About this task
Reproduce only the lines below from the line containing "党委书记詹跃勇对梁玉军先生的" to the line containing "Sweet ice-cream witn mint and raspberry", exactly as written, with both end lines kept. Omit the pictures.
### Given records ###
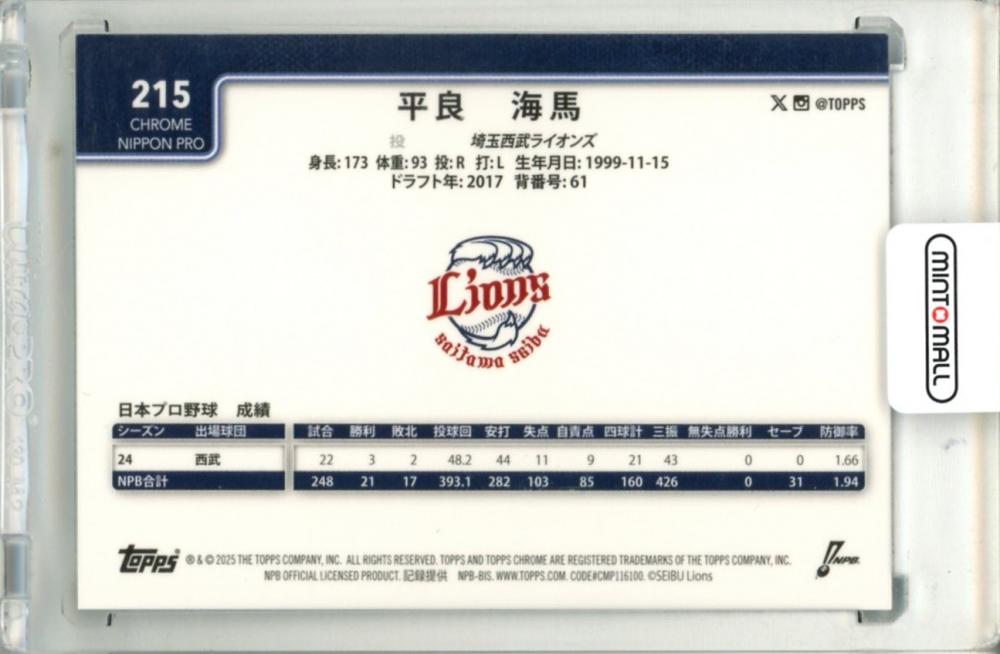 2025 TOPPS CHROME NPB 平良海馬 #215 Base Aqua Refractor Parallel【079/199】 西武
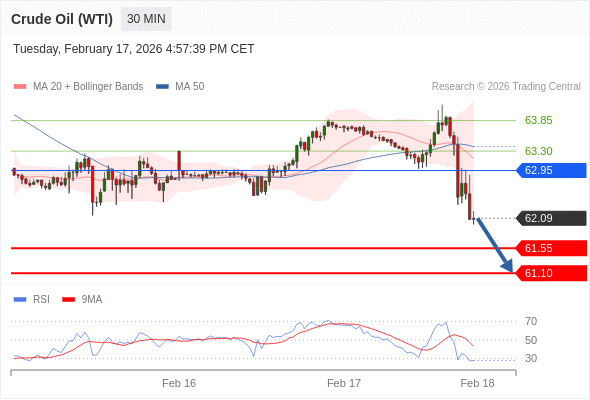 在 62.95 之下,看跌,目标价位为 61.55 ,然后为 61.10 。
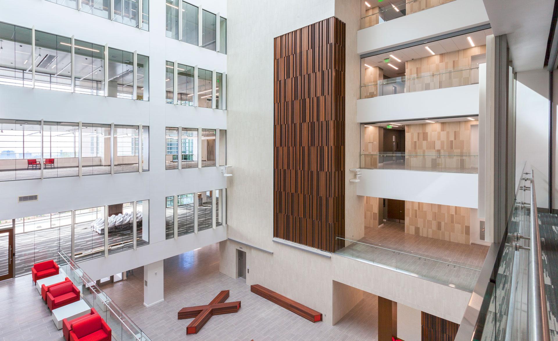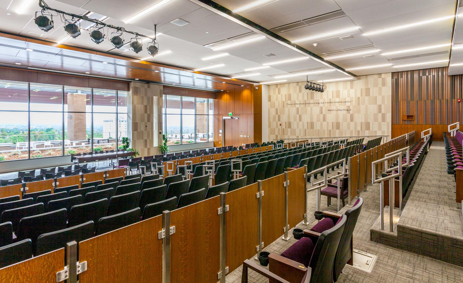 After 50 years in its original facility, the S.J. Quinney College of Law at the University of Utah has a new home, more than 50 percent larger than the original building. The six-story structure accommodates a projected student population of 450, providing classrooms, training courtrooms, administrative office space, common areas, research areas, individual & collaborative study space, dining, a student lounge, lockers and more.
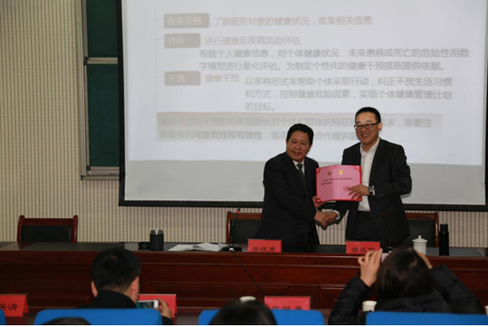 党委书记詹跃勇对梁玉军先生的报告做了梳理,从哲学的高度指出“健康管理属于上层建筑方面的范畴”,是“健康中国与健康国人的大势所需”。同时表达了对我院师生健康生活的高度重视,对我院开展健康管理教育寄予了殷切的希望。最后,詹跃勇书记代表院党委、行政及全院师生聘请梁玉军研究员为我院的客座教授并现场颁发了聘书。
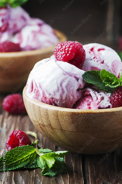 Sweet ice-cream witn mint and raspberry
###
### Given records ###
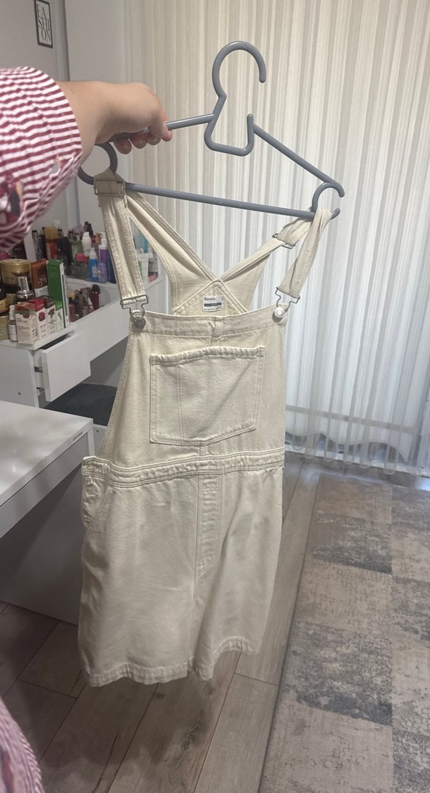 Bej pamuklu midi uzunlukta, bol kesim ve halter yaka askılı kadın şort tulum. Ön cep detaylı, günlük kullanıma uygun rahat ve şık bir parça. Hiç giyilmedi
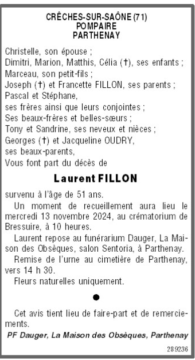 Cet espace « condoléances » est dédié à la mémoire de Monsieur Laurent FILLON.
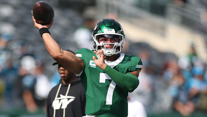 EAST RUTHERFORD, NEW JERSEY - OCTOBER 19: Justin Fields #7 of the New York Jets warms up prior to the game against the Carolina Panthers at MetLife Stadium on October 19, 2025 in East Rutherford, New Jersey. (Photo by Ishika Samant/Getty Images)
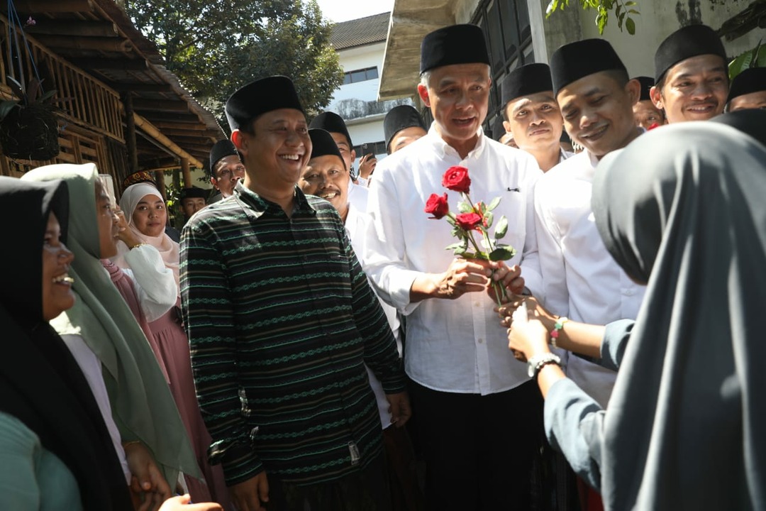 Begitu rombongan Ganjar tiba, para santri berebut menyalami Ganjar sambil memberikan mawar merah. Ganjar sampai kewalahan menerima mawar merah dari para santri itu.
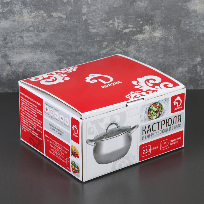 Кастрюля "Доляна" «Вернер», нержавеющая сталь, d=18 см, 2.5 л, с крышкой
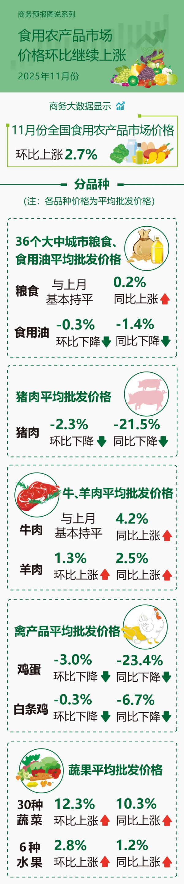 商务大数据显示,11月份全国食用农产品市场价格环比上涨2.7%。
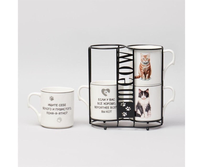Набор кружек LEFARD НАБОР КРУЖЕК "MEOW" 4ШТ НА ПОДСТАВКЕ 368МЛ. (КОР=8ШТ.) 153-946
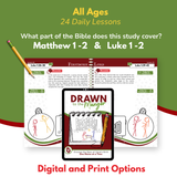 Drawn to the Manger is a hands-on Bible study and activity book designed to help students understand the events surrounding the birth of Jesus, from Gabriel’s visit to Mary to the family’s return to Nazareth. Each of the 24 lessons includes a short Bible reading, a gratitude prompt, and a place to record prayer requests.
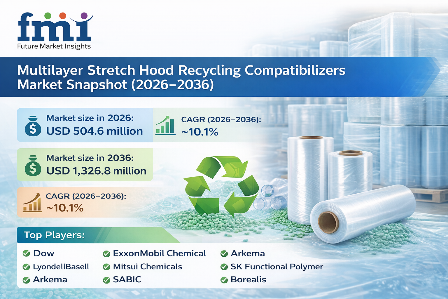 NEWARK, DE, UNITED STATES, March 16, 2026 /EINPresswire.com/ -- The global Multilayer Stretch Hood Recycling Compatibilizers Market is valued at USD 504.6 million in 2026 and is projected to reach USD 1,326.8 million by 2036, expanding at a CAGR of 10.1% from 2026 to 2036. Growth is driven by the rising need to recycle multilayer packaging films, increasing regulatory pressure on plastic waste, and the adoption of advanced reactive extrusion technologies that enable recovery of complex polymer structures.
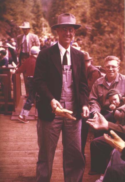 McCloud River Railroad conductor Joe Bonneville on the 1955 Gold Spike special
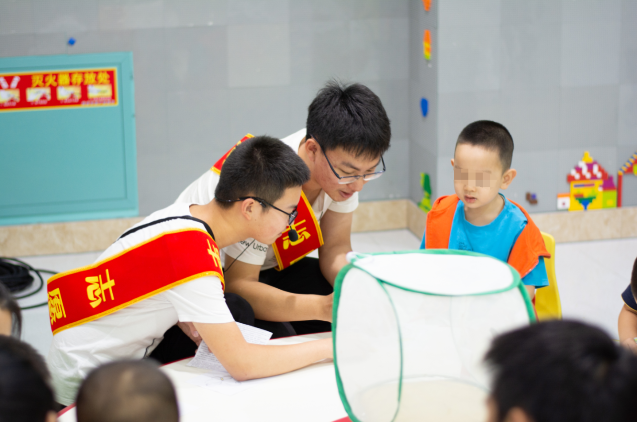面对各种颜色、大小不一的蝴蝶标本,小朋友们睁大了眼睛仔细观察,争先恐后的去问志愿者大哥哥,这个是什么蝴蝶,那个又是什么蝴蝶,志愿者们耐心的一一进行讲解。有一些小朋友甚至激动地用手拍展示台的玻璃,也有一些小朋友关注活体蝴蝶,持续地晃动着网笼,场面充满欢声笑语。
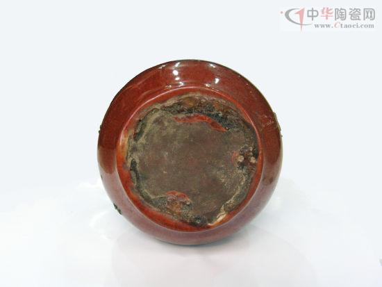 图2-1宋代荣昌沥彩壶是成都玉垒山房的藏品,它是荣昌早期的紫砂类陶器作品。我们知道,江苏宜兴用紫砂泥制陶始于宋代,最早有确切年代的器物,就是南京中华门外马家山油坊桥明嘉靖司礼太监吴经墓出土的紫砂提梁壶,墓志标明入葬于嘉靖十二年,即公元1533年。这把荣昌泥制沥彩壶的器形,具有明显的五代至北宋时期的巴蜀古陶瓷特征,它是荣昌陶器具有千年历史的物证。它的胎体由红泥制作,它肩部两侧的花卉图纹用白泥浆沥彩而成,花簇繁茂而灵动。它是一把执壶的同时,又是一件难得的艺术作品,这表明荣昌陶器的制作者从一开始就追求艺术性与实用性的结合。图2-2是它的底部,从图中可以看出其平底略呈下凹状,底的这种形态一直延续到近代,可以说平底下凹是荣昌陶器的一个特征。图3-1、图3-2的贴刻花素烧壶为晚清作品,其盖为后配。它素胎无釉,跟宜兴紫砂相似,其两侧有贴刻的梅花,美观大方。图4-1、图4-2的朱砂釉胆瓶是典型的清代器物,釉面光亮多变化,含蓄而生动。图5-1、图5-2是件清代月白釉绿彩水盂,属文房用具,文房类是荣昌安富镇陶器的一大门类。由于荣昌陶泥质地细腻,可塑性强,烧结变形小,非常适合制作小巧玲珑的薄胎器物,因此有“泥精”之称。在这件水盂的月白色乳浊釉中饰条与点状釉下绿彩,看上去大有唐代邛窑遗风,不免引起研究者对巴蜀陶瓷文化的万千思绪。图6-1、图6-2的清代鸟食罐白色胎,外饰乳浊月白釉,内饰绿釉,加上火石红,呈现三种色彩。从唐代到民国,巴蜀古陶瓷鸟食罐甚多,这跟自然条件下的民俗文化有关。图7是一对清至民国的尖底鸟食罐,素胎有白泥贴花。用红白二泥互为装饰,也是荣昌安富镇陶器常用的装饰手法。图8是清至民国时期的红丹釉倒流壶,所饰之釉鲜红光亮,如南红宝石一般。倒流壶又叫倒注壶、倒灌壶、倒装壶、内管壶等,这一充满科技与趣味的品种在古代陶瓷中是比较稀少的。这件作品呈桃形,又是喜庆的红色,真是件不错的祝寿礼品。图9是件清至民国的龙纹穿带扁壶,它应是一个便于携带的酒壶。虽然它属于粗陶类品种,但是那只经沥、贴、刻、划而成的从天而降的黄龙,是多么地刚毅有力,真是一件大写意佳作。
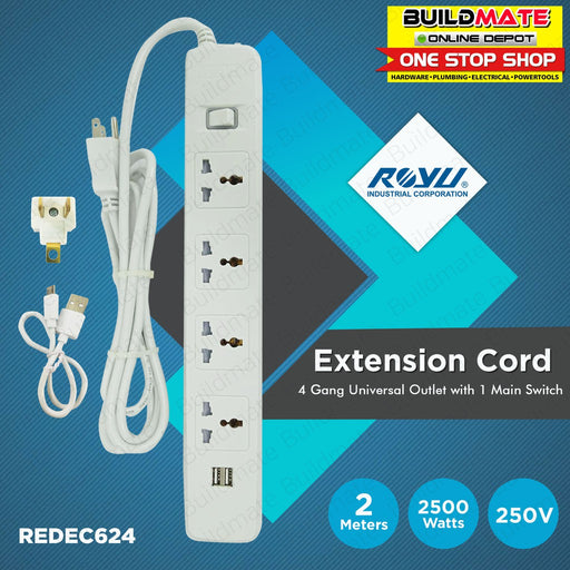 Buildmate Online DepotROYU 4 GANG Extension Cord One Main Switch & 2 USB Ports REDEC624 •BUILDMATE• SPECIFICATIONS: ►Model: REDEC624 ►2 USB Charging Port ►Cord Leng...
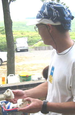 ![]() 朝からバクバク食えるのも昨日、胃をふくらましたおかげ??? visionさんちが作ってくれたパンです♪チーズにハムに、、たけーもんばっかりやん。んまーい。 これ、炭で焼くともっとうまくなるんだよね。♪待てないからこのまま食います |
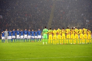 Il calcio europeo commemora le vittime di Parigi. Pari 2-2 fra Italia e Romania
###
Response box
 党委书记詹跃勇对梁玉军先生的报告做了梳理,从哲学的高度指出“健康管理属于上层建筑方面的范畴”,是“健康中国与健康国人的大势所需”。同时表达了对我院师生健康生活的高度重视,对我院开展健康管理教育寄予了殷切的希望。最后,詹跃勇书记代表院党委、行政及全院师生聘请梁玉军研究员为我院的客座教授并现场颁发了聘书。
 Sweet ice-cream witn mint and raspberry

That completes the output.